--- INFORMATION SUPPLIED Enclosed Below ---
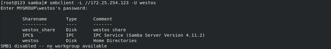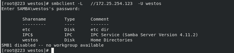 smbclient -L //172.25.254.123 -U westos ##查看smb中westos用户共享资源
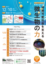 | ポスター | ![]() 微生物・バイオマス利用研究領域 第1回シンポジウム 「持続可能社会を支える微生物の力」ポスター(PDF) |
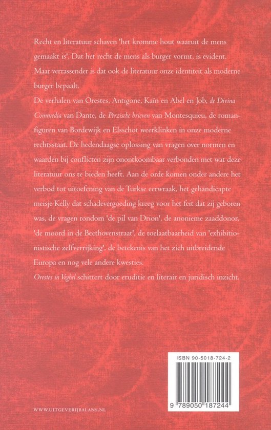 De verhalen van Orestes, Antigone, Kaïn en Abel en Job, de Divina Commedia van Dante, de Perzische brieven van Montesquieu, de romanfiguren van Bordewijk en Elsschot weerklinken in onze moderne rechtsstaat. De hedendaagse oplossing van vragen over normen en waarden bij conflicten zijn onontkoombaar verbonden met wat deze literatuur ons te bieden heeft.
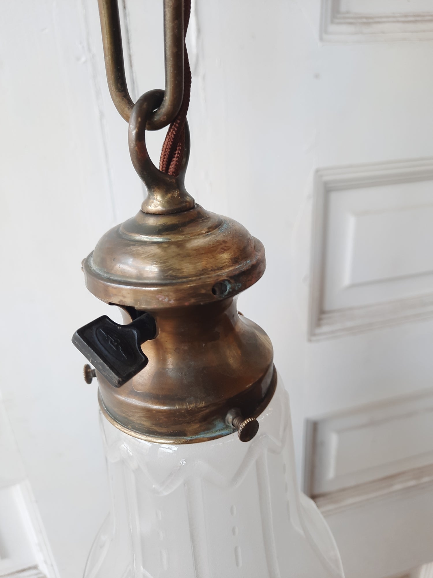This light has been rewired with reproduction cloth-wrapped, rubber insulated wire for an authentic look and is ready for installation. The switches are still in working order.
--- End of Enclosed INFORMATION SUPPLIED ---
WHAT TO WORK ON —
Keep the pictures out of the copy and return the rest of the data above exactly.

RESULT FOR THIS TASK —
 smbclient -L //172.25.254.123 -U westos ##查看smb中westos用户共享资源
 | ポスター | ![]() 微生物・バイオマス利用研究領域 第1回シンポジウム 「持続可能社会を支える微生物の力」ポスター(PDF) |
 De verhalen van Orestes, Antigone, Kaïn en Abel en Job, de Divina Commedia van Dante, de Perzische brieven van Montesquieu, de romanfiguren van Bordewijk en Elsschot weerklinken in onze moderne rechtsstaat. De hedendaagse oplossing van vragen over normen en waarden bij conflicten zijn onontkoombaar verbonden met wat deze literatuur ons te bieden heeft.
This light has been rewired with reproduction cloth-wrapped, rubber insulated wire for an authentic look and is ready for installation. The switches are still in working order.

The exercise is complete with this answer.